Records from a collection
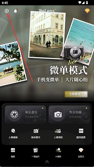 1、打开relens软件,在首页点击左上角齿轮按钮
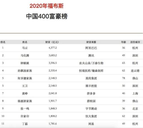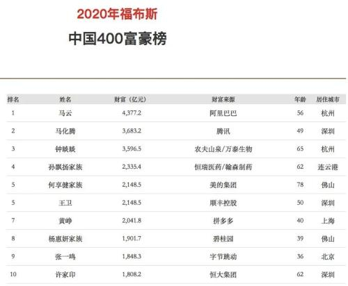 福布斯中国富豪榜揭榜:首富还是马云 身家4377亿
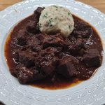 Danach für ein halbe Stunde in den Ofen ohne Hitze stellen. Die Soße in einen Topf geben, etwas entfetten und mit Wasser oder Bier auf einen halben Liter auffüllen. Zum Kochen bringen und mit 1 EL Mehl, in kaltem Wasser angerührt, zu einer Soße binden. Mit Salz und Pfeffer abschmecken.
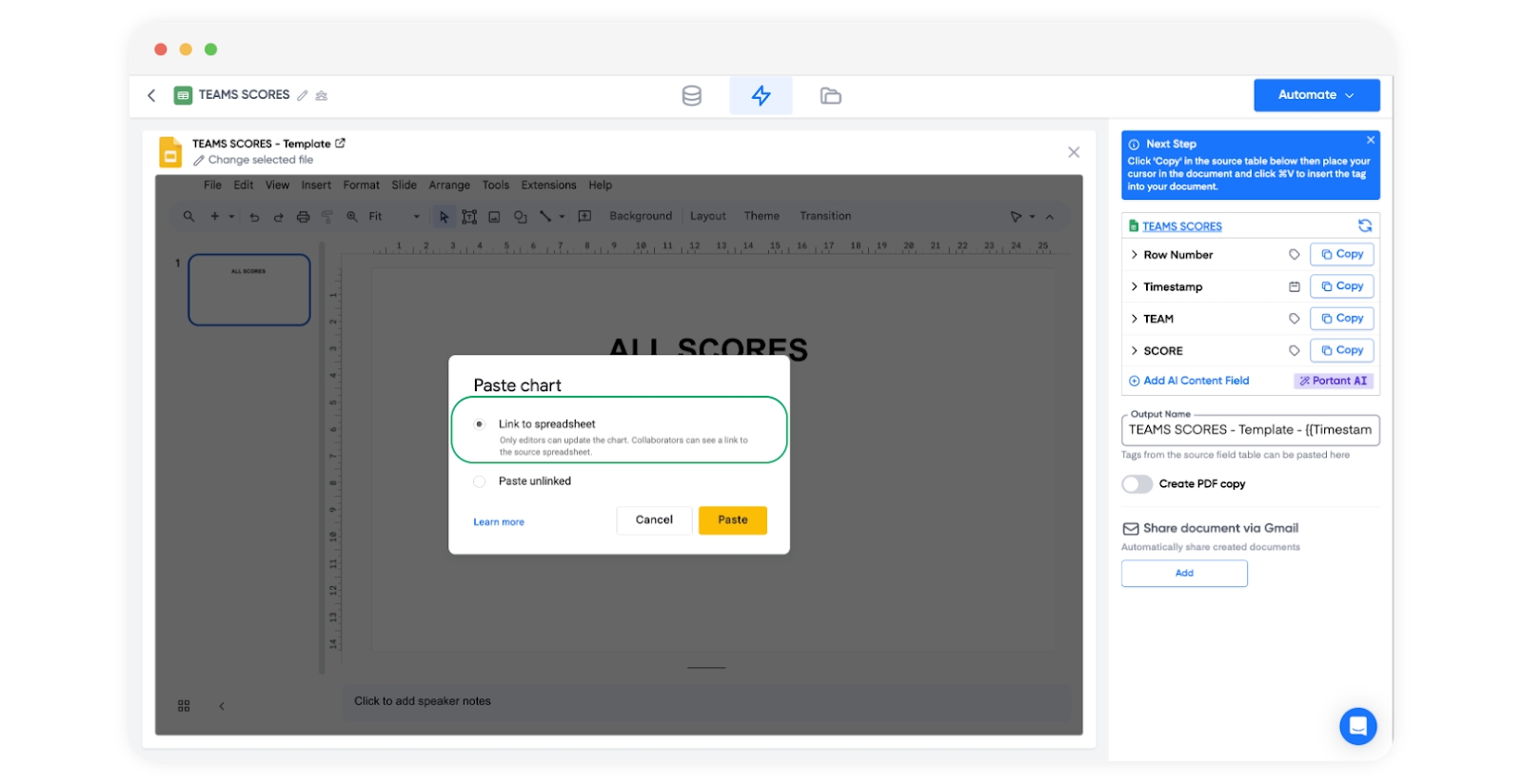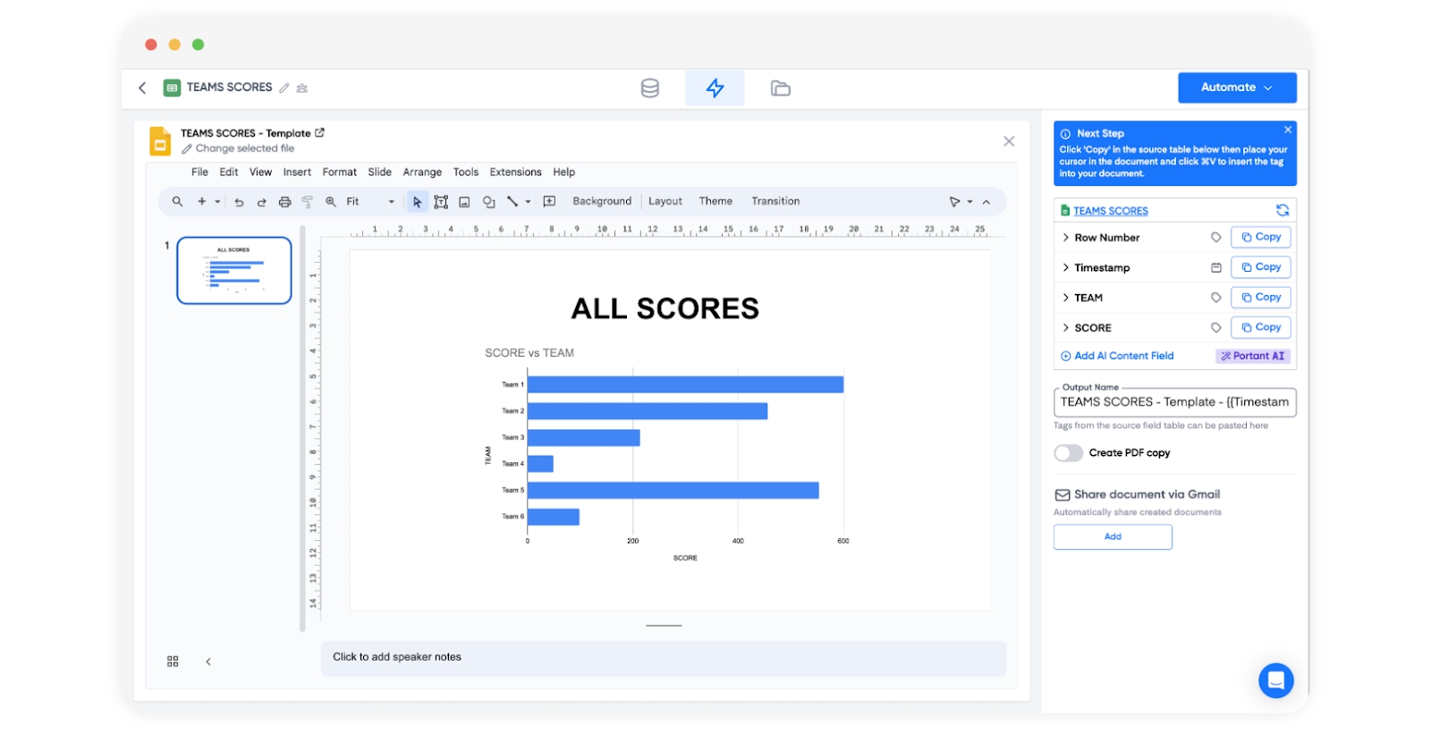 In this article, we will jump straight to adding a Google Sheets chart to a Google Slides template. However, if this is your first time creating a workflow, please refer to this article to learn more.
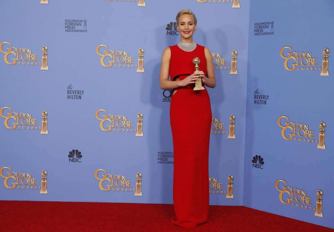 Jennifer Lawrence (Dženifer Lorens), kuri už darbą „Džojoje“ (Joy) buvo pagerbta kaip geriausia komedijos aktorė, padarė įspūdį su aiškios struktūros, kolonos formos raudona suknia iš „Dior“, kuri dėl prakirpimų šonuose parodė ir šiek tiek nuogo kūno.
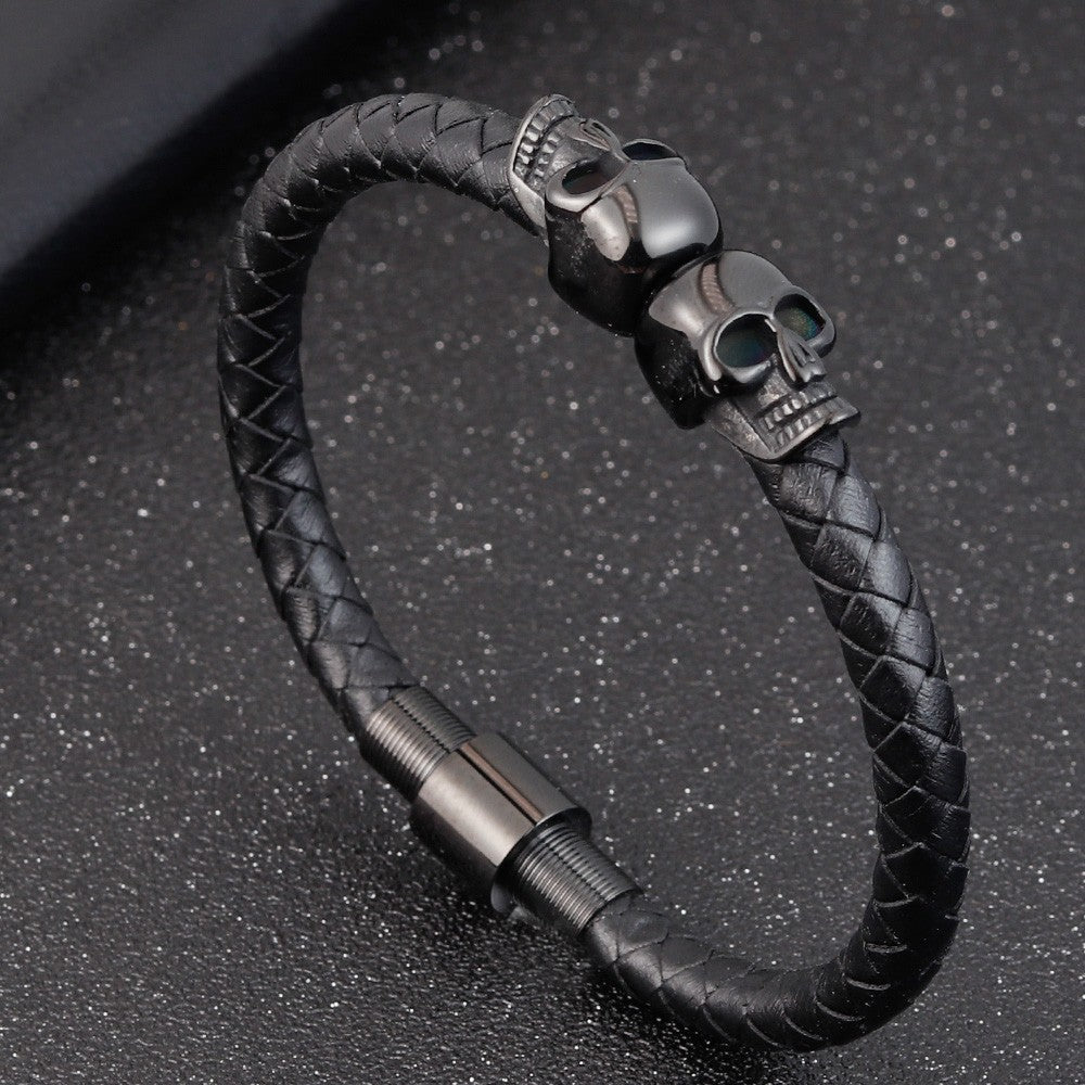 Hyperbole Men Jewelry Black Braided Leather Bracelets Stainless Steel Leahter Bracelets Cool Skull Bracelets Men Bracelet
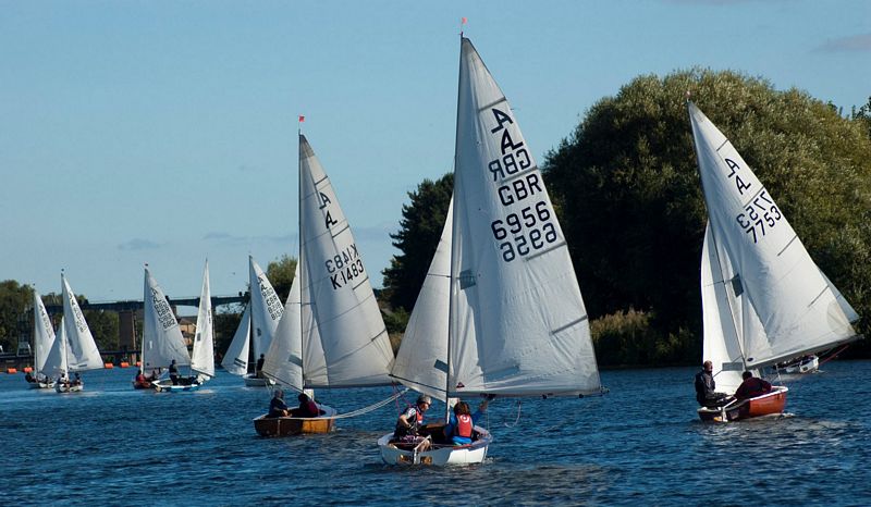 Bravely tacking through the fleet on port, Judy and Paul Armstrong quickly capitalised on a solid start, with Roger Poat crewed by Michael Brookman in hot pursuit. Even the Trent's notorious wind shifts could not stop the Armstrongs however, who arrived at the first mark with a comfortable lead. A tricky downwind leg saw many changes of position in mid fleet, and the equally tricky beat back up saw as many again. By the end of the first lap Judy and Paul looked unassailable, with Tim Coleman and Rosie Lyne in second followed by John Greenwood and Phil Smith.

◆ **Aim of the exercise**
Starting at the line above that holds "福布斯中国富豪榜揭榜:首富还是马云 身家4377亿", repeat every line exactly down to and including the line that holds "Hyperbole Men Jewelry", then stop. Do not carry over any pictures.

◆ **Result for this exercise**
 福布斯中国富豪榜揭榜:首富还是马云 身家4377亿
 Danach für ein halbe Stunde in den Ofen ohne Hitze stellen. Die Soße in einen Topf geben, etwas entfetten und mit Wasser oder Bier auf einen halben Liter auffüllen. Zum Kochen bringen und mit 1 EL Mehl, in kaltem Wasser angerührt, zu einer Soße binden. Mit Salz und Pfeffer abschmecken.
 In this article, we will jump straight to adding a Google Sheets chart to a Google Slides template. However, if this is your first time creating a workflow, please refer to this article to learn more.
 Jennifer Lawrence (Dženifer Lorens), kuri už darbą „Džojoje“ (Joy) buvo pagerbta kaip geriausia komedijos aktorė, padarė įspūdį su aiškios struktūros, kolonos formos raudona suknia iš „Dior“, kuri dėl prakirpimų šonuose parodė ir šiek tiek nuogo kūno.
 Hyperbole Men Jewelry Black Braided Leather Bracelets Stainless Steel Leahter Bracelets Cool Skull Bracelets Men Bracelet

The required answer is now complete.